>>>>
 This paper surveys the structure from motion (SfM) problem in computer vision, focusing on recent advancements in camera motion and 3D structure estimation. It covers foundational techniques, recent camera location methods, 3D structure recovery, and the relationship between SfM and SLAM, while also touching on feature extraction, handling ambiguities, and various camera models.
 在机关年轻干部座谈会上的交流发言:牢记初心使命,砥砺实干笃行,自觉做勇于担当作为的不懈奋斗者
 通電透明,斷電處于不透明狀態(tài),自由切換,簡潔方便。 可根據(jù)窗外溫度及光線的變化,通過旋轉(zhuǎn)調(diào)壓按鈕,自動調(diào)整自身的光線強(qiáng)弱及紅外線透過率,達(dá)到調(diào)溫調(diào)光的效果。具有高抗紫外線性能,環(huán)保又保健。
<<<<
>>>>
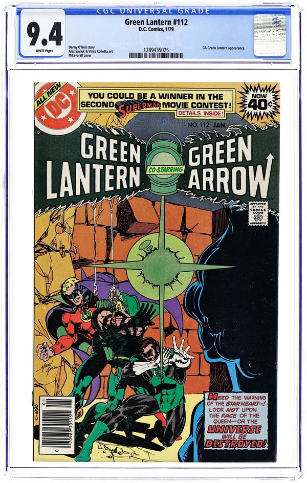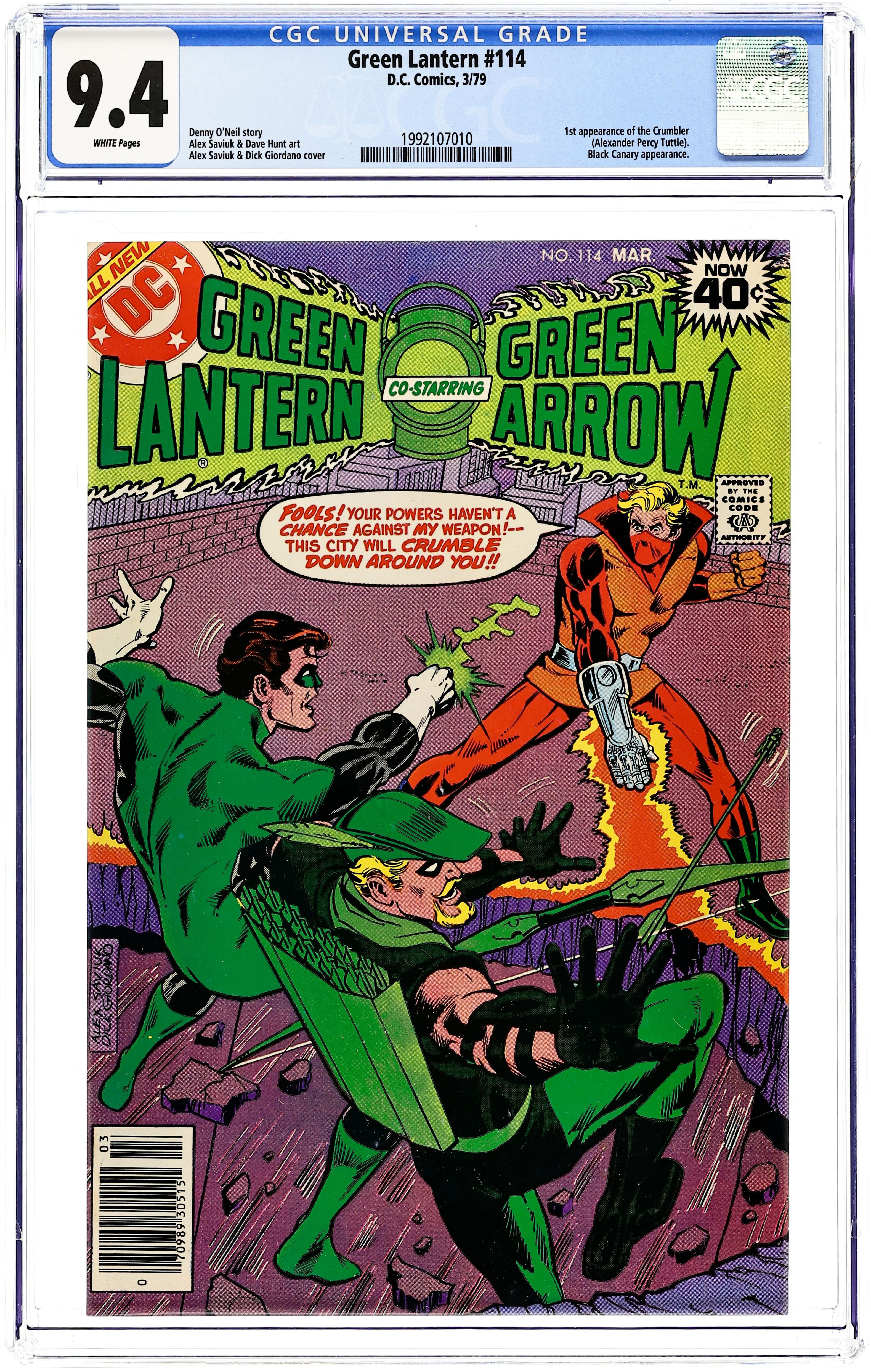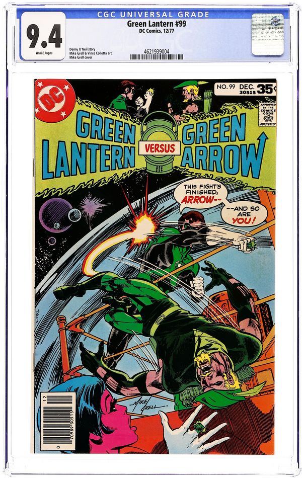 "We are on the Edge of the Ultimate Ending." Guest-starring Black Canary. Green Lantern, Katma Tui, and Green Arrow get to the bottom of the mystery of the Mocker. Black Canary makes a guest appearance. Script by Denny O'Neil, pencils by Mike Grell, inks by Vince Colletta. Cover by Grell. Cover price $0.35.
<<<<
- _TASK_
Please return the lines above that run from the line containing "在机关年轻干部座谈会上的交流" to the line containing "通電透明,斷電處于不透明狀態", inclusive, exactly and with no other lines.

- _RESULT OF THE EXERCISE_
 在机关年轻干部座谈会上的交流发言:牢记初心使命,砥砺实干笃行,自觉做勇于担当作为的不懈奋斗者
 通電透明,斷電處于不透明狀態(tài),自由切換,簡潔方便。 可根據(jù)窗外溫度及光線的變化,通過旋轉(zhuǎn)調(diào)壓按鈕,自動調(diào)整自身的光線強(qiáng)弱及紅外線透過率,達(dá)到調(diào)溫調(diào)光的效果。具有高抗紫外線性能,環(huán)保又保健。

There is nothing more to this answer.